Tangent Reviews

Fantasy & Science Fiction, December 1998

from Tangent Online

The stories recently in the news of the incredible deprivations, almost to the level of self-torture, voluntarily undergone by the mother of the Texas octuplets, are all we should need to remind us that for most humans, reproduction is the paramount virtue, higher than self-preservation. How odd then that we must also remember the incredible and double alienness that results from having one and only one of our two sexes carrying all the literal and figurative burdens of pregnancy.

Babies as aliens have a long history in horror, and find their way into this issue of F&SF in its closing novelette, "Cockroach," by Dale Bailey. It took Tangent's omniscient editor, Dave Truesdale, to remind me of a more specific antecedent, a somewhat obscure Ray Bradbury story entitled "The Small Assassin." I was doubtful at first, since Bradbury's story concerns what happens after birth and Bailey's that which occurs before, but eventually the details and similarities piled up. Bailey set himself a high bar indeed, for he is not one-tenth the writer that Ray Bradbury is. This is no disgrace – neither are any of the other writers in this issue – but "Cockroach" fails once the comparison is set. Bradbury establishes a tone of horror from his very first magnificent line: "Just when the idea occurred to her that she was being murdered she could not tell." Bailey tries to tease us into the horror rather than grabbing us, but despite twice the length, his characters never quite come to life. Bradbury's ability to turn our everyday joys into the blackest of horror remains unique.

Imagine you're a smoker who's sunk your swindled millions into tobacco stock in 1962 and fled to 2003 in your time machine to reap your reward. Hugh Cook, a Brit educated in New Zealand who teaches English in Tokyo, somehow nails every one of America's PC obsessions in the short story, "Heroes of the Third Millennium." The joke gets even better once we learn that his 1962 was an alternate time line. That leaves the question: is his 2003 also alternate? Or is that our future we're staring so closely at?

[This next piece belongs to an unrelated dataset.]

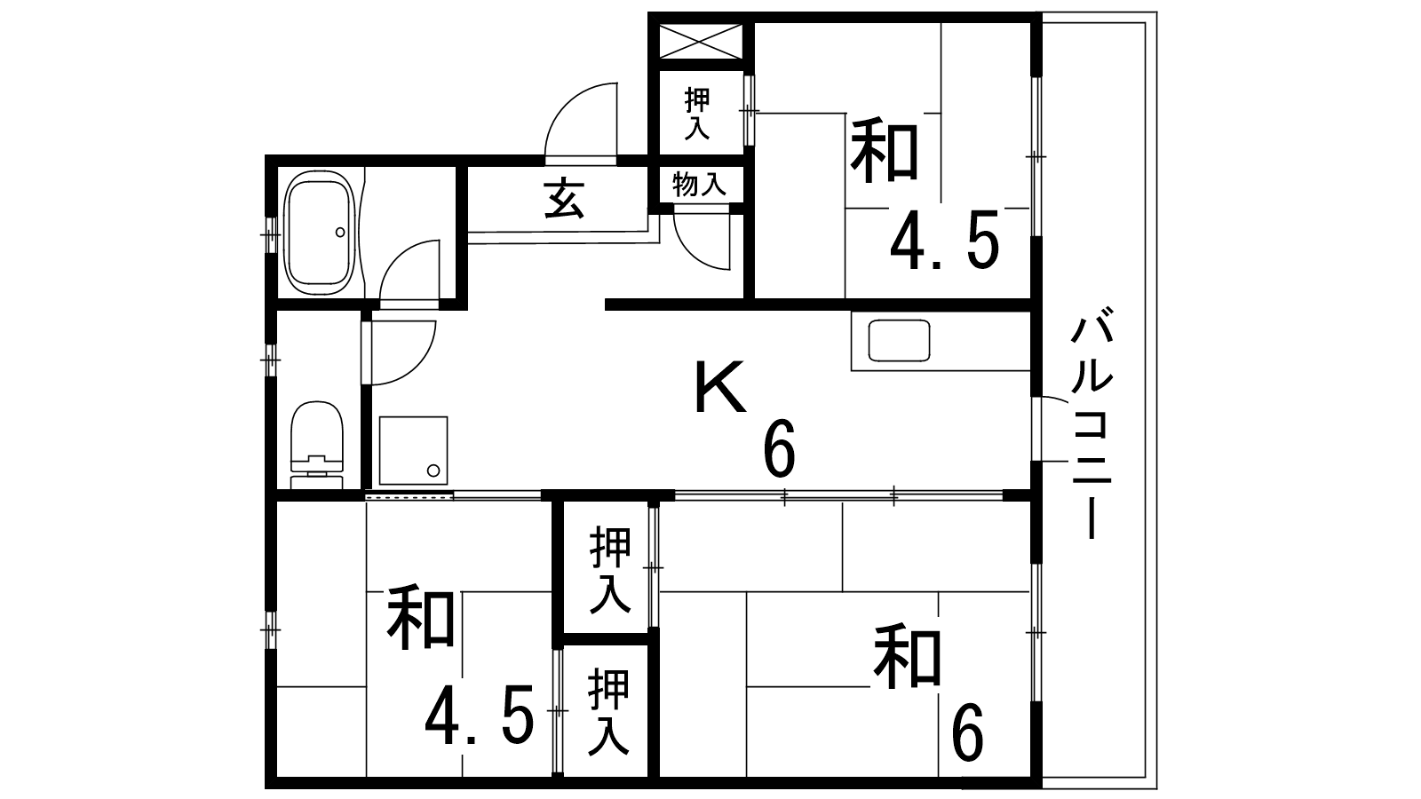 - K6帖、和室6帖、和室4.5帖、和室4.5帖

Eric Reitan sets out to press our every button in his short story "Faerie Storm." He leaves no room for characterization.

Jerry Oltion starts with a burning bush in "The Miracle," a short story that fortunately soon turns into kind of a scientific joke.

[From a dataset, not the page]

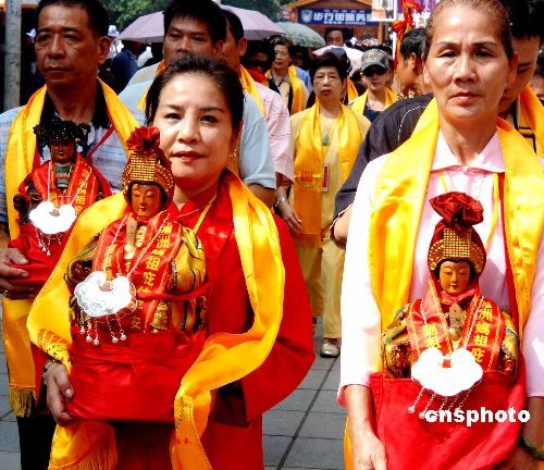 十月三十一日,在媽祖故鄉(xiāng)福建莆田舉行的第十屆湄洲媽祖文化旅游節(jié)上,“媽祖回娘家入城儀式”在市區(qū)舉行。來自十七個(gè)國家和地區(qū)的近三百多家媽祖文化機(jī)構(gòu),及臺(tái)灣一百一十五座媽祖分靈宮廟的信眾回到媽祖故鄉(xiāng)謁祖進(jìn)香。海內(nèi)外來賓一千多人參加了該入城儀式。中新社發(fā) 劉可耕 攝

A stranger commissions an elderly woman artist to paint a portrait of a severed head in Mark W. Tiedemann's poetic and powerful short story, "Psyché." She paints, and paints, and paints, and all the while we fall with her deeper and deeper into her obsession, and the obsession of all art. The only flaw I saw in the story was that it did not correspond with what I remembered of the Cupid and Psyche legend. I did my own detective work on this one and found the clues in Edith Hamilton's Mythology, starting with Venus' command to Cupid that he make Psyche "fall madly in love with the vilest and most despicable creature there is in the whole world." The stranger's name, you see, is Van Helsing. Tiedemann brilliantly uses the background rather than the foreground of the myth to shape his story into something both new and old, unique but resonating. It succeeds in the task at which Bailey's fails.

For pure, old-fashioned storytelling, however, "The Island in the Lake," a novelette in Phyllis Eisenstein's long series of stories about Alaric the minstrel, is hard to beat. Alaric wanders to a castle on an island surrounded by the waters of death. Inside, of course, as in any good fantasy, he finds good and evil, innocence and deception, and both life and death, his own included. Eisenstein unfolds the layers of the story with perfect pacing, and creates both for Alaric and the people of the fairy tale castle, new myths, and new songs. My only objection is that she has given Alaric magic powers so convenient that he is never in any real danger. A stronger – or stranger – foe in the next story would make the very good even better.